If anyone ever did actually watch Doctor Who from behind the 'sofa', then it's a fair bet that the second track of Music From BBC Children's Programmes would have sent them scurrying right back there. As the upbeat sound of the Play Away cast getting down home and funky about opening umbrellas indoors fades out, in comes that electronic sting familiar to an entire generation for following countless instances of Tom Baker doing his 'alarmed' face while a booming voice announced that there was nothing he could do to stop their plans now.

Yes, it's the original version of the Doctor Who theme music, although not quite the original. Over the course of the Doctor Who's up-to-then ten year history, The BBC Radiophonic Workshop's original arrangement had been regularly rejigged as and when successive production teams elected to wield the time-honoured 'new broom'. It had been bolstered by the addition of new-fangled electronic 'spangles' as the fans insist on calling them - which is especially confusing when you're in the middle of an already all-over-the-place narrative that has already made several mentions of the sweets of the same name - and indeed that aforementioned cliffhanger-enhancing sting. It had been remixed into something approaching a rough approximation of stereo, and the full-length Tardis take-off effect had been pasted into the background halfway through. And even that's just the obvious rememberable-off-the-top-of-your-head stuff. In short, although the same basic original recording was still there somewhere underneath it all, in many ways it was actually a different version to the simpler, sparser one that had bookended episodes in the black and white era.


By the time that I got hold of Music From BBC Children's Programmes, of course, this version of the theme had been completely replaced three times, and Doctor Who itself had been cancelled. This slightly older arrangement positively reeked of slit-scan title sequences, seemingly endless multicoloured scarves, dodgy CSO sequences, Target Books, The Giant Robot, and hazy ancestral memories of Jon Pertwee and The Brigadier.
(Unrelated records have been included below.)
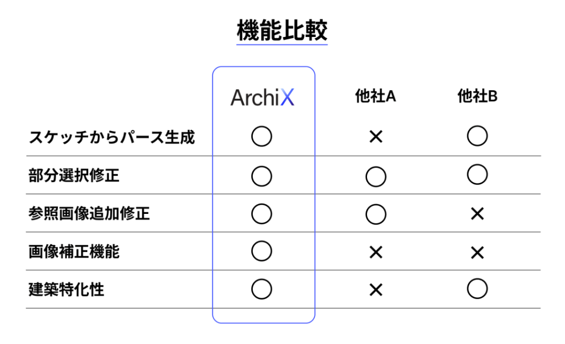 アーキエックスは、「スケッチからパース」「パースから動画」「AI議事録・要約」「アーキチャット」の4つのAI機能をひとつのアカウントでご利用いただける建築特化型AIサービスです。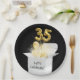 Gold balloons with sparkles and ribbons in a white box on black background for 35th birthday party.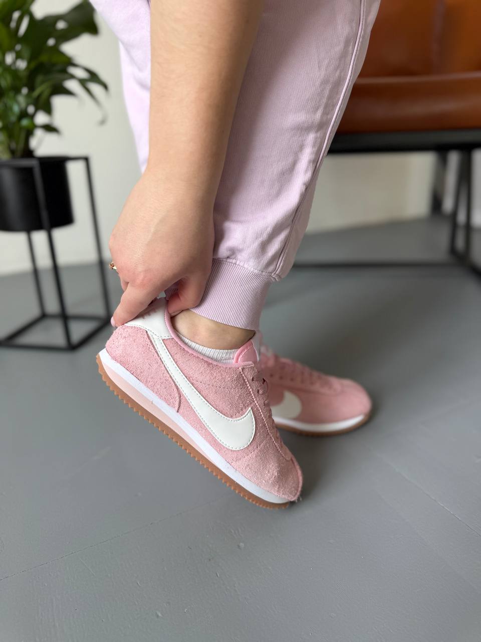 Кроссовки Nike Cortez Vintage Suede Pink выполнены в розовом цвете с белым логотипом, который привлекает внимание. Верх кроссовок изготовлен из замши, что делает их стильными на вид. Кроссовки Кортез подойдут под повседневную одежду и подарят комфорт на протяжении всего дня.

This was, basically, the sound of Doctor Who How It Used To Be. Yet, for all that certain 'fans' might like to grumble about how it was better in their day when it was all photographic blow-ups of fields around here and you could get to the Blackpool Exhibition and back and still have change from half a shilling, even then there was a sense that Doctor Who How It Used To Be had never really gone away. Yes, so there were only about three old stories out on video and you needed to take out a second mortgage to buy any of them, but outside of that there was a whole industry founded on exploiting Doctor Who's archival adventures, from books and magazines to scale model Ice Warriors and the iconically purposeless Build The Tardis ("Your own time machine... without scissors or glue!"), and if you threw a Dapol Tetrap hard enough chances are it would have hit an album that had this theme arrangement somewhere on it. Though not the original original, which got a single release back in 1964 but had since all but vanished... but that's another story. This one, of course, had also been released as a single, with an oddly-named and oddly-chosen b-side that we'll be coming back to to boot, but you'll find the story behind all of that in Top Of The Box.

Music From BBC Children's Programmes wouldn't live up to its title without it, but in a sense the original-but-not-the-original version of the Doctor Who theme is something of an interruption to proceedings. Or at least the kind of proceedings we were hoping for here. There's plenty that it does evoke, regardless of whether a you are a fan or not, but rather fittingly that's something for another time and indeed another place. Like here, for example. Anyway this isn't quite the whole story, as the Doctor Who theme segues straight into its markedly more nostalgia-nirvana satisfying companion piece The World Of Doctor Who, but we've already covered that in some detail in the first instalment so it's probably best to just move straight on. To another similarly long-running show, which has enjoyed something of a close relationship with Doctor Who. And an even closer relationship with those two frightfully well-spoken youngsters on the cover of Music From BBC Children's Programmes...




Top Of The Box, The Complete Guide To BBC Records And Tapes Singles, is available as a paperback here or an eBook here; a sequel covering the albums is coming soon!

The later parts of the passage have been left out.